Structural highlights

5o74 is a 12 chain structure. Full crystallographic information is available from OCA. For a guided tour on the structure components use FirstGlance.
Ligands:
NonStd Res:
Resources:FirstGlance, OCA, PDBe, RCSB, PDBsum, ProSAT

Function

[DRRA_LEGPN] Virulence effector that plays a key role in hijacking the host vesicular trafficking by recruiting the small guanosine triphosphatase (GTPase) Rab1 to the cytosolic face of the Legionella-containing vacuole (LCVs). Acts as a GDP-GTP exchange factor (GEF) for the small GTPase Rab1 (RAB1A, RAB1B or RAB1C), thereby converting Rab1 to an active GTP-bound state, leading to the incorporation of Rab1 into LCVs. Also shows RabGDI displacement factor (GDF) activity; however, this probably represents a passive activity following the GEF activity.
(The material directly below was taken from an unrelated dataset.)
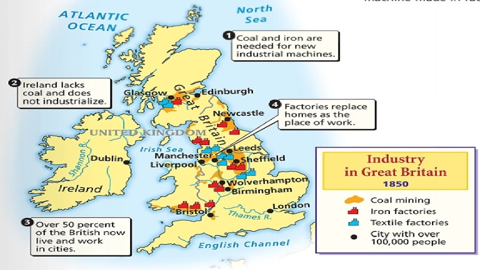 Industrialization Outside Britain • Germany was political divided into smaller principalities • Lead to pockets of industrialization • Large deposits of coal and iron ore • By the mid-1800 s one of the worlds industrialized powers • United States • Cotton boom in the south lead to northern textile mills • Post Civil War- US becomes a leader in railroads, oil, steel, and electricity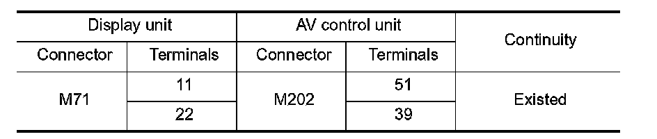 3. Check continuity between display unit harness connector and AV control unit harness connector.

Also acts as an adenylyltransferase by mediating the addition of adenosine 5'-monophosphate (AMP) to 'Tyr-77' of host RAB1B, thereby rendering RAB1B constitutively active. Also has adenylyltransferase activity towards Rab6 and Rab35. Also displays guanylyltransferase activity by mediating the addition of guanosine 5'-monophosphate (GMP) to host RAB1B in vitro; however such activity remains uncertain in vivo. Specifically binds phosphatidylinositol 4-phosphate (PtdIns(4)P) lipids on the cytosolic surface of the phagosomal membrane shortly after infection.[1] [2] [3] [RAB1B_HUMAN] Protein transport. Regulates vesicular transport between the endoplasmic reticulum and successive Golgi compartments.[4]
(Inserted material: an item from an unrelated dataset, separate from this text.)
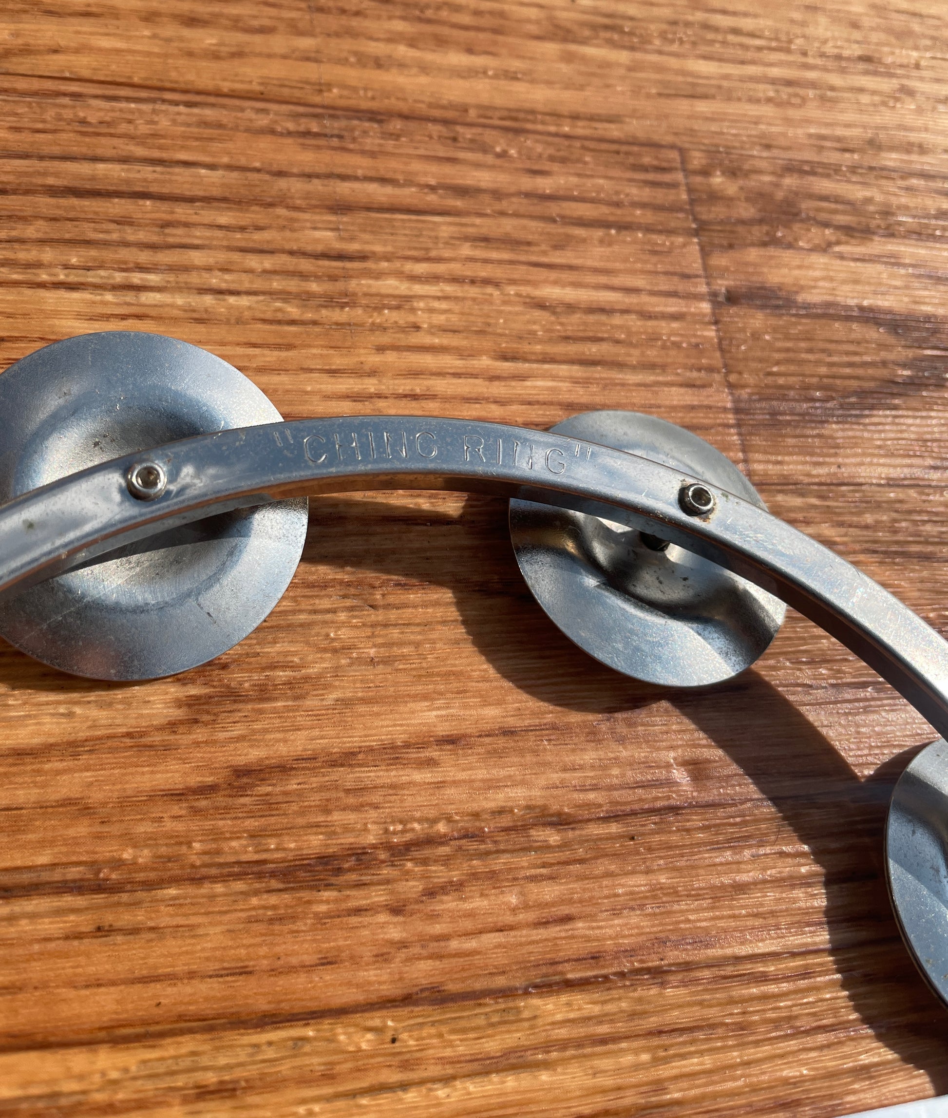For your kind consideration is this vintage Ching Ring made by Ralph Kester. This is an original and not a reproduction. It's in great condition with all zills in place, slight bend to the frame. Made famous by John Bonham. Enjoy!

Publication Abstract from PubMed

The characterization of low-affinity protein complexes is challenging due to their dynamic nature. Here we present a method to stabilize transient protein complexes in vivo by generating a covalent and conformationally flexible bridge between the interaction partners. A highly active pyrrolysyl tRNA synthetase mutant directs the incorporation of unnatural amino acids bearing bromoalkyl moieties (BrCnK) into proteins. We demonstrate for the first time that low-affinity protein complexes between BrCnK-containing proteins and their binding partners can be stabilized in vivo in bacterial and mammalian cells. Using this approach we determined the crystal structure of a transient GDP-bound complex between a small G-protein and its nucleotide exchange factor. We envision that this approach will prove valuable as a general tool for validating and characterizing protein-protein interactions in vitro and in vivo.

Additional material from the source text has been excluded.